▶ [MATERIAL FOR THE TASK]:
• • •
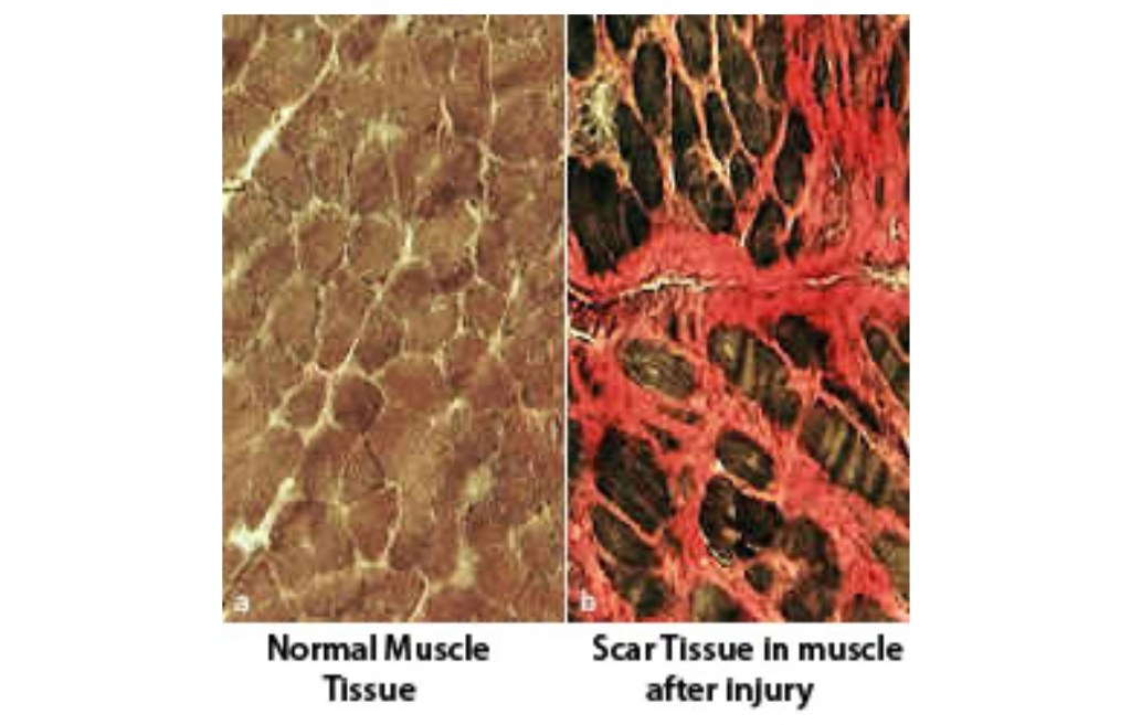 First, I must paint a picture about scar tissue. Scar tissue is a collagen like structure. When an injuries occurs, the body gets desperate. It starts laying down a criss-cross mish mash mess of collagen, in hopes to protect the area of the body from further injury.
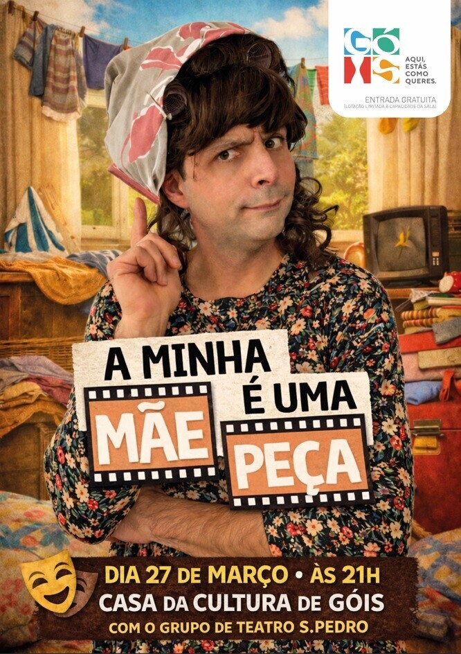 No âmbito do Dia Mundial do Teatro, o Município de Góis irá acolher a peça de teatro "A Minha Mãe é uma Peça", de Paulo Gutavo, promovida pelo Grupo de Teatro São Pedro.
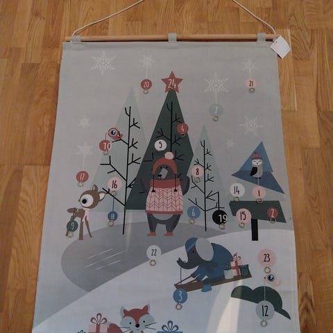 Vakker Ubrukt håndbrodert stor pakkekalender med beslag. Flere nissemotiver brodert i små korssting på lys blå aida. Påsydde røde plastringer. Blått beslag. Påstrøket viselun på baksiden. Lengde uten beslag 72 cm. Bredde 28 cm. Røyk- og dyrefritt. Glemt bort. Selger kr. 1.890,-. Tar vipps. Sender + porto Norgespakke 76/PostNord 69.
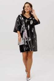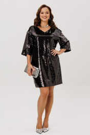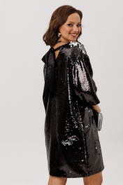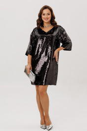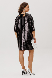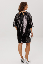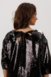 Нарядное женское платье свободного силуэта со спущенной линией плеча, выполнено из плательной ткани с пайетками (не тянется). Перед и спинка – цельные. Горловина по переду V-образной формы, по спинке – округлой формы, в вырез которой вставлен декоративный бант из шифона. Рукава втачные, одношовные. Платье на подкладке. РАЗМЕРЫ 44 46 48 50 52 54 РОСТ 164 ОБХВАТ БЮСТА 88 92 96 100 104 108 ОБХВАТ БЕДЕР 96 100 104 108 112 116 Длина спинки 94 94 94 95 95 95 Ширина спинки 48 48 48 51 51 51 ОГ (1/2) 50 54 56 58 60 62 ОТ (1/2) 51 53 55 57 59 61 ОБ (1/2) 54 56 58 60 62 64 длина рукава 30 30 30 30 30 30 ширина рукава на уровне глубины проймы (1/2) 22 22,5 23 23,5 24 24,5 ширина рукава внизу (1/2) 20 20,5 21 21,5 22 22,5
• • •
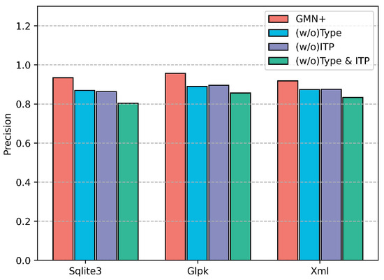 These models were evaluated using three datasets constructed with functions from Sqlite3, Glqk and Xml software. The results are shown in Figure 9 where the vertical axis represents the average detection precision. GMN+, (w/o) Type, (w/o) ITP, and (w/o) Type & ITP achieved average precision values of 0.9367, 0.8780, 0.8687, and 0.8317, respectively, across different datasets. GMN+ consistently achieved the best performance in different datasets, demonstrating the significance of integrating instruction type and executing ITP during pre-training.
• • •
▶ [ABOUT THIS EXERCISE]: All that should be printed is the run of lines above from the one with "No âmbito do" through the one with "Vakker Ubrukt håndbrodert", both included, exactly as given, with pictures left out.

▶ [WRITTEN RESPONSE]:
 No âmbito do Dia Mundial do Teatro, o Município de Góis irá acolher a peça de teatro "A Minha Mãe é uma Peça", de Paulo Gutavo, promovida pelo Grupo de Teatro São Pedro.
 Vakker Ubrukt håndbrodert stor pakkekalender med beslag. Flere nissemotiver brodert i små korssting på lys blå aida. Påsydde røde plastringer. Blått beslag. Påstrøket viselun på baksiden. Lengde uten beslag 72 cm. Bredde 28 cm. Røyk- og dyrefritt. Glemt bort. Selger kr. 1.890,-. Tar vipps. Sender + porto Norgespakke 76/PostNord 69.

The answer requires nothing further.